He carries something in his face, a switch he turns on and off.
When he turns it on and aims his beam at you, he can make you feel
pretty important, like, of all his friends, it’s you and only you
who really gets him. He hits me with that beam now. It’s strong as
the sun peeking through the rolling clouds and it’s hard to hold
the line and hate him when that smile feels like the only source of
warmth you got.
After practice I hole up in the one place offering
me a little control over my life. The weight room. Pumping up in
Oregrove’s state-of-the-art weight room is like depositing another
check in my security account. Coach’s pills increase the payoff,
I’m sure, as I pop the D-bols and switch into sweats. Lamar and I
used to do push-ups in our bedroom because that’s all we had. At
the next group home, they had a creaky weight bench in the basement
and a few dumbbells. I got too strong for those. The last high
school, Lincoln, had no money for fancy stuff. Not until I got here
did I know what the good stuff was.
Sometimes I come in early to have the whole place
to myself. Nothing better than heaving up cold steel and feeling it
submit. Now, that’s power. That last set, pushing with all
you got, watching that bar tremble above your head, knowing if you
fail, that bar’s going to slowly come back down on your chest and
pin you—no better way to get your juices flowing. So you drive it
up, partly out of fear and partly out of want, your arms vibrating
with every last morsel of energy inside you cooking away.

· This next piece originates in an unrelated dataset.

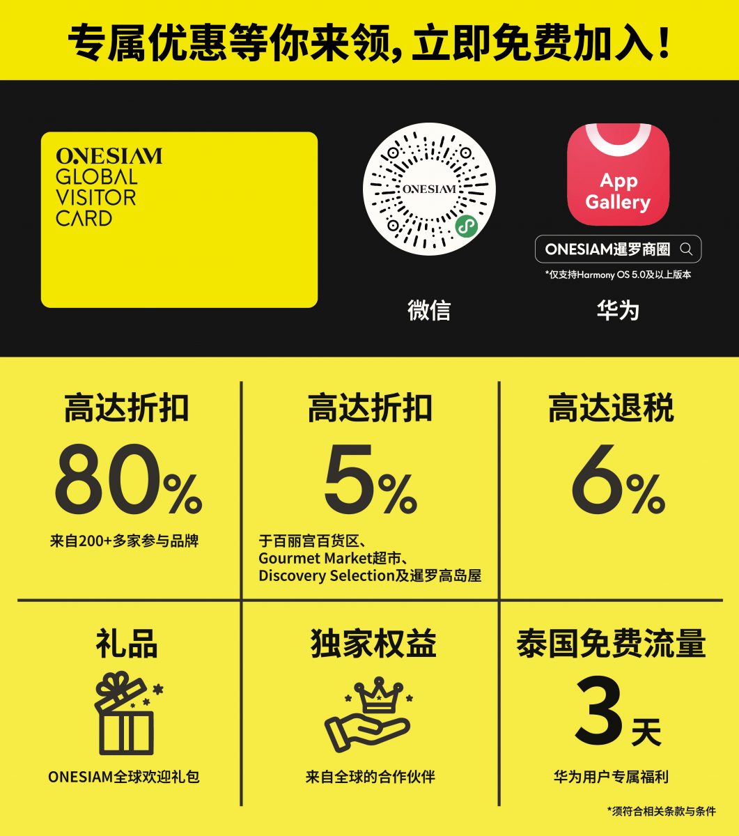 华为天际通用户尊享免费200泰铢暹罗礼品卡——只需申请ONESIAM全球游客卡并出示华为天际通电子优惠券即可领取。

Your
muscles boiling down all anger and hate into rivers of greasy sweat
draining off through your pores until you’re crispy burned and the
winner in a not-so-small battle.
Under a helmet or alone in the weight room are the
two places I can talk almost normal. “You got this,” I tell my
reflection, curling the dumbbells, fascinated with how my muscles
grow and bulge to master the weight. “One more,” I say. Or, “Bring
it home, baby,” or “Come on, now, don’t disappoint me.” I almost
speak perfectly. It helps, also, to wear the headphones and play
the music Tina copied for me. The recorder the school loaned me and
that Tina upgraded cranks real loud, loud enough to blast away
anything bad trying to grow between my ears. Rock the tunes at full
volume and everything else—Crud Bucket, Lamar, Ronnie—disappears
for a while.
By the time I finish in the weight room, my body is
demolished. Exactly how I like it. I’ve got the showers and locker
room all to myself. I walk down empty hallways still cranking my
tunes, safe from having to talk to anyone, fumbling a hello or
turning my scars away from a stare. I dial through my playlist, try
some of the latest music Tina put on a new flash disk and slipped
through the vent of my locker with a note attached.
Kurt,
If you liked the first playlist (and you would
have if you’re at all cool), you’ll DIG this one. Guaranteed.
Tina
Or:
Kurt,
Here’s a vintage mix. Listen to it when you’re
sad. If you want some songs for walking in the woods on a rainy
day, I’ve got an even better playlist. I’ll drop it off tomorrow.
Tina
I like Tina’s playlists and her little notes. It
can’t hurt, I figure, dropping off requests back through her
locker.
Tina,
I like “Demon” but the “Earth” playlist is too
soft. Can you make me another metal mix for working out?
Kurt
I still haven’t used the recorder for its original
purpose: to record myself speaking words off the list Ms. Jinkle
gave me and play it back and try to correct my stutter. I hate the
sound of my voice, hate hearing my tongue botch everything. I sound
retarded. I sound stupid. It’s way better listening to wailing
guitars and stomping drums.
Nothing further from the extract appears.